Eagle eyes will notice the word 'Cambrian' in the address there.

Anyway, my favourite theory is that these blobs are the remains of dead atmospheric beasts - you know - those things that can drift around like clouds or shapechange into flying creatures or condense to form UFOs.

Interesting. I live near there! Could be a fungus perhaps. Some tree fungus is translucent but rarely is it uncoloured. You do see small blobs of jelly at a beach not far from where I live but I always thought it was immature jellyfish.
 
Bournemouth resident mystified by 'blue sphere shower'

The blue spheres are jelly-like but have no smell and are not sticky

A man in Dorset has been left mystified after tiny blue spheres fell from the sky into his garden.

Steve Hornsby from Bournemouth said the 3cm diameter balls came raining down late on Thursday afternoon during a hail storm.

He found about a dozen of the balls in his garden. He said: "[They're] difficult to pick up, I had to get a spoon and flick them into a jam jar."

The Met Office said the jelly-like substance was "not meteorological".

Mr Hornsby, a former aircraft engineer, said: "The sky went a really dark yellow colour.
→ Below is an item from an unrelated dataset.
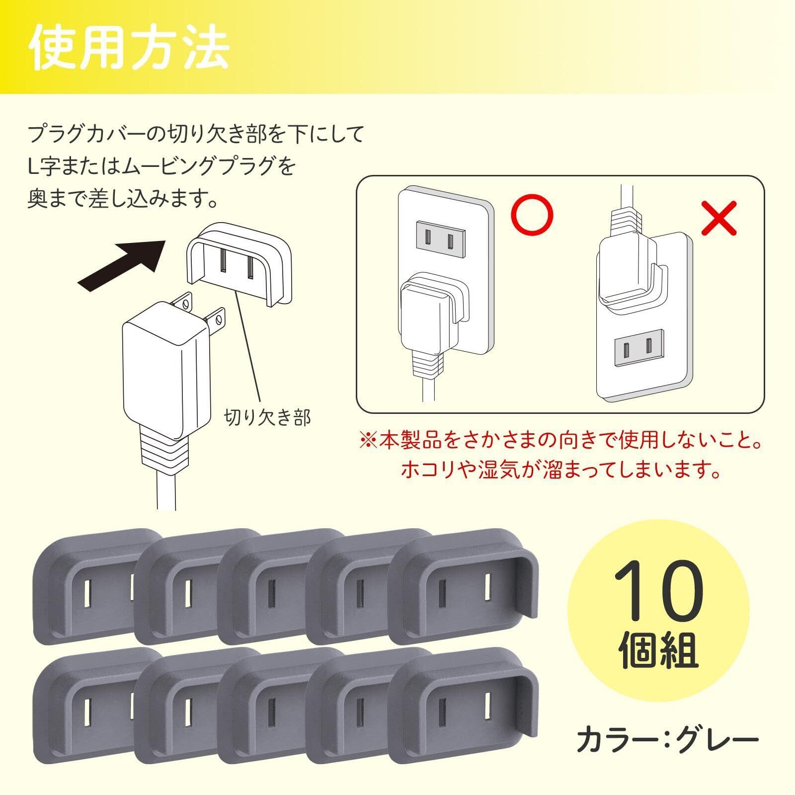 コモライフ 防災用 L字プラグカバー 10個組 グレー L字 プラグ カバー コンセント ホコリ 湿気 火災 対策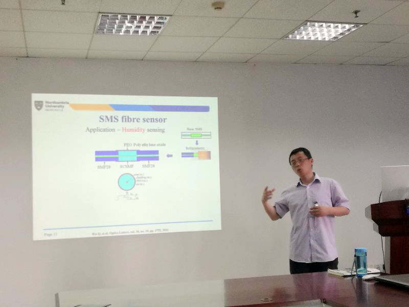 Professor Wu Qiang gave an excellent report entitled High Sensitivity Optical Fiber Sensor and its Applications. Focusing on the applications of optical fiber sensor and its Bio-chemical gas sensing, the report introduces the typical structure ofsingle mode-multimode-single mode fiber interferometer, based on which a new structure of optical fiber sensor is designed. Combined with other optical fiber components, such as fiber Bragg grating and long period grating, new all-fiber components are produced, such as refractive index sensor and filter of coarse wavelength division multiplexing communication system; they are used in new applications including biological and chemicalsensing.

"As I walked outside to go to the garage there was an instant hail storm for a few seconds and I thought, 'what's that in the grass'?"

'No smell'

Mr Hornsby said he was keeping the balls in his fridge while he tried to find out what they were
Walking around his garden he found many more blue spheres were scattered across the grass.

He said: "The have an exterior shell with a softer inner but have no smell, aren't sticky and do not melt."

Mr Hornsby said he was keeping the balls in his fridge while he tried to find out what they were.

Josie Pegg, an applied science research assistant at Bournemouth University, speculated that the apparently strange phenomena might be "marine invertebrate eggs".

"These have been implicated in previous 'strange goo' incidents," she said. "I'd have thought it's a little early for spawning but I suppose we've had a very mild winter.

"The transmission of eggs on birds' feet is well documented and I guess if a bird was caught out in a storm this could be the cause."